Cliquez ici pour accéder directement au contenu

Entre pluie et nouveaux marchés : le défi de l'Équateur pour une croissance de plus de 40 %

Pour notre agriculture, le mois d'août a toujours été synonyme de sécheresse. Entre juillet et octobre, les fortes chaleurs et le manque de pluie définissent un cycle que les agriculteurs connaissent bien. Pourtant, cette année, la nature a décidé d'écrire une autre histoire : des journées ensoleillées entrecoupées de journées nuageuses, voire pluvieuses en altitude. Un scénario inhabituel qui, loin de susciter une inquiétude immédiate, offre une disponibilité en eau atypique pour la saison.

Ce changement climatique, qui rompt avec la tradition, ouvre la voie à deux interprétations possibles. D'une part, une saison moins stressante en eau et une période de floraison prometteuse, permettant une augmentation de la production de 30 à 40 % par rapport à la saison 2024-2025. D'autre part, l'incertitude demeure quant à savoir si la saison sèche s'est simplement raccourcie ou décalée dans le temps ; nous ne pourrons le confirmer que dans les semaines à venir.

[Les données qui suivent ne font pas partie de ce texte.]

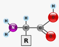 Central carbon, hydrogen atom, amine group, carboxyl group, variable side chain
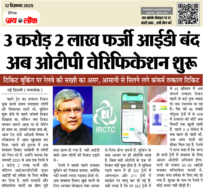 नई दिल्ली (जयलोक)। पहले ट्रेन का तत्काल टिकट बुक करते समय ज्यादातर लोगों की शिकायत रहती थी, बुकिंग शुरू होने से पहले कंफर्म टिकट दिखाता था, लेकिन जब टिकट बनकर सामने आता था तो वेटिंग हो जाता था. इसकी वजह क्या थी, आज रेल मंत्री अश्विनी वैष्णव ने लोकसभा में आज खुलासा कर दिया. पहले की तुलना में अब तत्काल टिकट आसानी से लोगों को मिल रहे हैं. उन्होंने बताया कि जनवरी 2025 से अब तक रेलवे ने 3 करोड़ 2 लाख फर्जी और संदिग्ध आईआरसीटीसी यूजर आईडी को हमेशा के लिए ब्लॉक कर दिया है. यानी दलालों और सॉफ्टवेयर वालों का खेल पूरी तरह खत्म हो गया है. यही आईडी वाले आम लोगों की टिकट उड़ाते थे।

Si la tendance se confirme à une saison sèche plus courte, les projections pourraient même dépasser 40 %, un scénario optimiste qui continuera d'être évalué progressivement.

Mais l'abondance des pluies à une période inhabituelle n'apporte pas que des avantages : elle modifie aussi la dynamique phytosanitaire. Certains ravageurs, qui apparaissent normalement plusieurs mois plus tard, pourraient surgir plus tôt, exigeant une surveillance accrue pour préserver la qualité des fruits. Et justement, en parlant de qualité, tout indique un changement dans la répartition des calibres. Après une saison où les petits et moyens calibres représentaient jusqu'à 90 % de la production, on prévoit désormais que les gros calibres pourraient atteindre 35 %, ce qui marque une évolution significative de l'offre.

Parallèlement à ces variables agronomiques, le secteur traverse une période phytosanitaire et commerciale cruciale. La récente visite de l'AFIS, du 5 au 8 août, a marqué une étape importante dans l'ouverture du marché américain. À travers des visites de terrain et de centres de collecte, l'objectif était d'évaluer l'état des cultures et les conditionnements. Bien que l'Équateur soit habitué à ce type d'inspection – les États-Unis étant déjà une destination clé pour d'autres produits –, cette visite représente une opportunité unique : celle d'accéder à des créneaux horaires très précis durant l'hiver nord-américain, lorsque l'offre locale en provenance de Californie et de Floride est limitée, sans créer de tensions avec les grands fournisseurs établis.

Tous les regards sont désormais tournés vers le premier rapport officiel, attendu dans les prochaines semaines. Le contexte mondial, marqué par l'évolution du commerce extérieur et de la géopolitique, pourrait accélérer ou ralentir le processus, mais l'engagement du secteur est clair : s'adapter, s'améliorer et se préparer à la concurrence.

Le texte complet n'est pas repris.